If you feel that you must live together to "test your compatibility" then what you are really saying to God is that you don't have faith in Him to lead you in choosing a mate. An interesting study shows that couples that live together before marriage are more likely to divorce than those that didn't. Seeking God in prayer and learning about each other while you are courting should be the only test of your compatibility. The way you all interact with one another tells you a lot about if this ia a person that you could marry. You will see red flags that tell you to run and you don't have to live together for them to be visible. Become friends first and seek God together. He will reveal if that person is your mate. Many times people living together fall into the "we might as well get married since we are living together" attitude when that person was never meant to be your husband or wife! You don't have to shack up to find that out. Trust God and let him lead you into building a home and not a shack!
Fact: Those who moved in with a mate before engagement or marriage reported significantly lower quality marriages and a greater potential for split-ups than other couples. For instance, about 19 percent of those who cohabited before getting engaged had ever suggested divorce compared with just 12 percent of those who only moved in together after getting engaged and 10 percent of participants who did not cohabit prior to the wedding bells. (Source: Prenuptial Cohabiting Can Spoil Marriage)
None of the reasons given above are accepted from God as an excuse to live in sin. Shacking up has seemed to morph into an alternative to marriage. It has many of the benefits with no legal binding contract, no security and worst of all, no spiritual covering. Why is this something that is popular? God does not want us to give the enemy an easy opportunity to attack us and fall into sin. He wants us to trust Him in every area of our life and trust His design for what He called love and marriage to be. Most (and I would venture to say all) cohabitating couples are having sex. It's hard to be around your favorite cookies everyday and not indulge! This is not God's way.

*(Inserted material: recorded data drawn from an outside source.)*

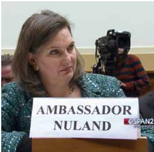
Former U.S. Career Ambassador, Victoria Nuland.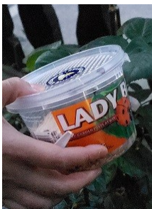
Let us out!!!

Just because they're smaller than a thumbnail doesn't mean the ladybugs aren't important members of our community!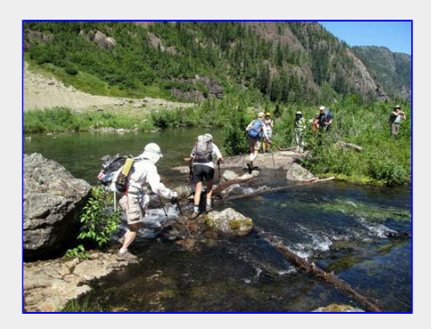
Stream crossing on our return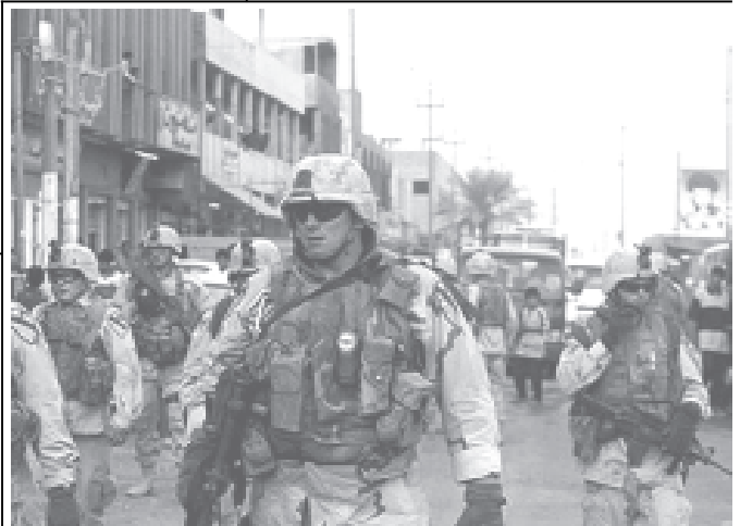
US soldiers patrol the streets of Sadr City in Baghdad on 26 Oct, 2004.

The western Anbar Province, including Ramadi, some 100 kilometres west of Baghdad, has long been a hotbed of insurgency against the US forces since last year's US-led war on Iraq.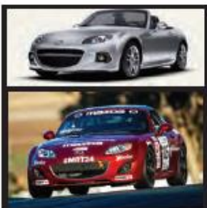
Donor or Existing NC Gen (2006 - 2015) Mazda MX-5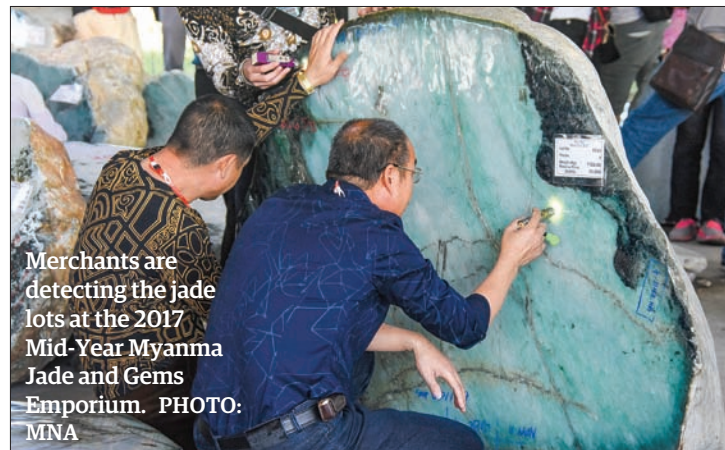
Merchants are detecting the jade lots at the 2017 Mid-Year Myanmar Jade and Gems Emporium.

UNION Minister for Natural Resources and Environmental Conservation U Ohn Win toured the 2017 Mid-Year Myanmar Jade and Gems Emporium at Mani Yadana Jade Hall in Nay Pyi Taw yesterday morning, the ninth day of the country's largest gems show.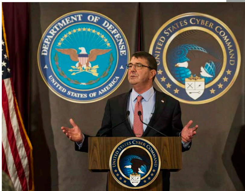
Secretary Carter briefs troops and members of the press at National Security Agency headquarters on Fort Meade, Md.

Meanwhile, with critical investments in other areas, the budget enables DoD to continue to advance our preparations, posture, partnerships, and planning to preserve the President’s options for any contingency. It strengthens the regional security architecture in a way that blunts Iran’s ability to coerce its neighbors. And it helps us stay ahead of the risks posed by Iran’s ballistic missiles, naval forces, cyber capabilities, and support for terrorists and others in the region.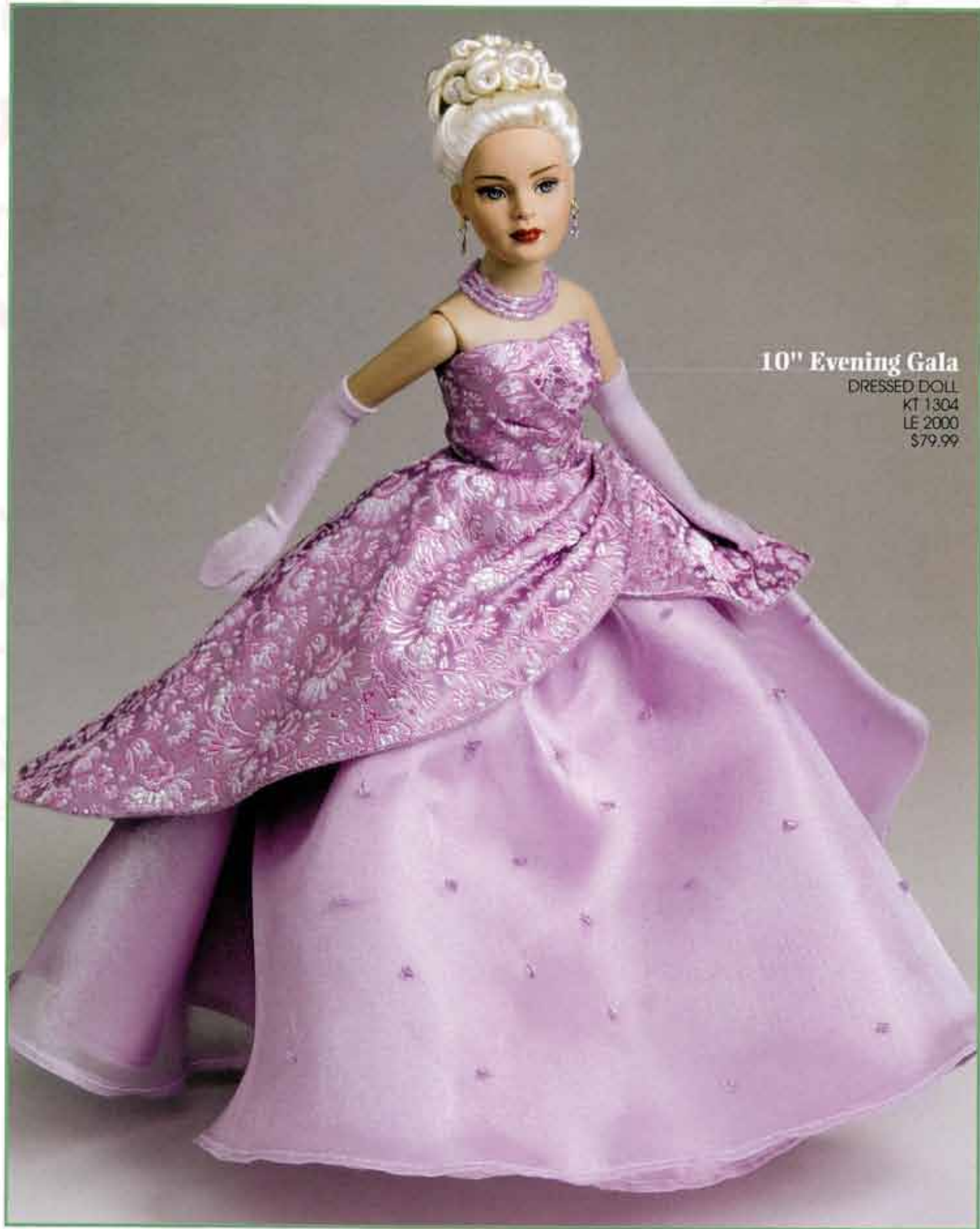
10" Evening Gala DRESSED DOLL KT 1304 LE 2000 $79.99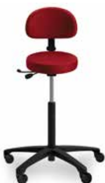
RH SUPPORT TABURETT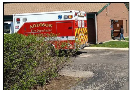
Advantage Wood Dale 4/18/17

Vote NO on SB 1942 and HB 2495, the Reproductive Health Act!

There was a point in my life where I did not see living together as being a big deal. But the more that I grew spiritually I learned why God does not condone it. I am not telling you what to do with your life, but rather informing you about God's truth. We have to come to a point where we want His will to supersede anything that we want for ourselves. Our obedience to His word has to be more important than anything. Seek Him in prayer about your mate and when He gives you the thumbs up, move forward the right way - Build a Home with your husband or wife and not a shack!